Friedrich Nietzsche - Philosopher
Created | Updated Aug 17, 2007
Is not life a hundred times too short for us to bore ourselves?
Friedrich Wilhelm Nietzsche was born on October 15th 1844,the son of a lutherian minister in a small German town southwest of Liepzig. He was named after the King of Prussia, Friedrich Wilhelm IV, and known as Fritz by his family. Nietzsche had two younger siblings, Joseph, who died at age two, and Therese Elisabeth, who outlived him by 35 years.
When Nietzsche was four years old, his father, Karl, died as a result of brain injuries sustained after a fall about a year previously, leaving young Fritz and Therese to live with their mother, paternal grandfather and two aunts. They moved to Naumburg an der Saale, quite close to his birthplace. Here Nietzsche lived until he left for boarding school at age 14.
Schulpforta1, a boarding school set up in 1543 on the site of a former monastery is where Nietzsche spent the next five years of his life, studying towards going to university. His best friend was Paul Deusson, later to become a reknowned philosophical historian and the founder of the Schopenhauer Society. The teenaged Nietzsche emersed himself in the music of Wagner and the writing of romantics such as Hölderlin and Richter. He developed a passion for philology - the interpretation of Biblical and classical writings, helped along, no doubt, by Strauss' Das Leben Jesu kritisch bearbeitet2. However, young Nietzsche was not happy at Schulpforta, developing an aversion to the piety and nationalism he saw in the school atmosphere. He began to suffer migraines, possibly related to his poor eyesight. These conditions affected him for the rest of his life.

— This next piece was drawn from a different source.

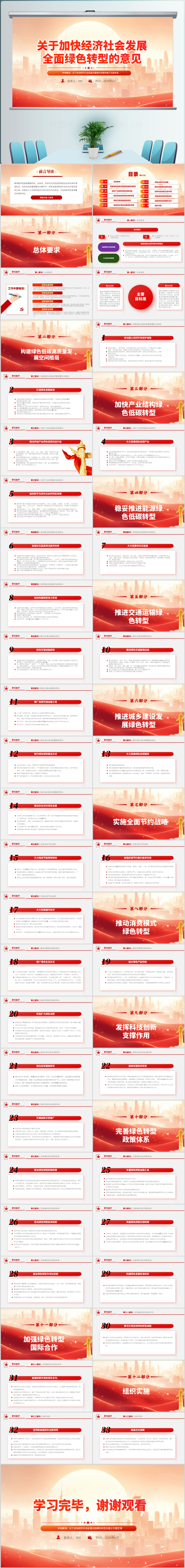 关于加快经济社会发展全面绿色转型的意见ppt模板(内含WORD演讲稿)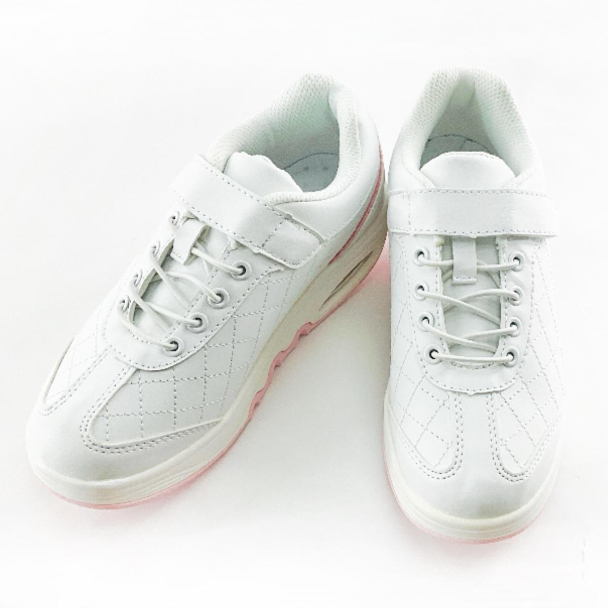 - 訳あり 舟底キルティング らくらくステップシューズ 看護師 介護士 Sサイズ 22.0~22.5cm ホワイトxピンク

Nietzsche began to study Theology and Philology at Bonn University in the autumn of 1864. His lecturers included Ritschl, a philologist who concentrated on the Roman poet Plautus. In 1865 Nietzsche followed Ritschl to the University of Liepzig, a location much closer to his birthplace and family. Here he could concentrate on philology, leaving the theology he no longer loved to rest. His reputation was quickly established through his essays on greek philosophers, including Aristotle and Simonides. At 21 he discovered Schopenhauer's The World as Will and Representation in a bookshop, a finding that was to change his way of thinking forever.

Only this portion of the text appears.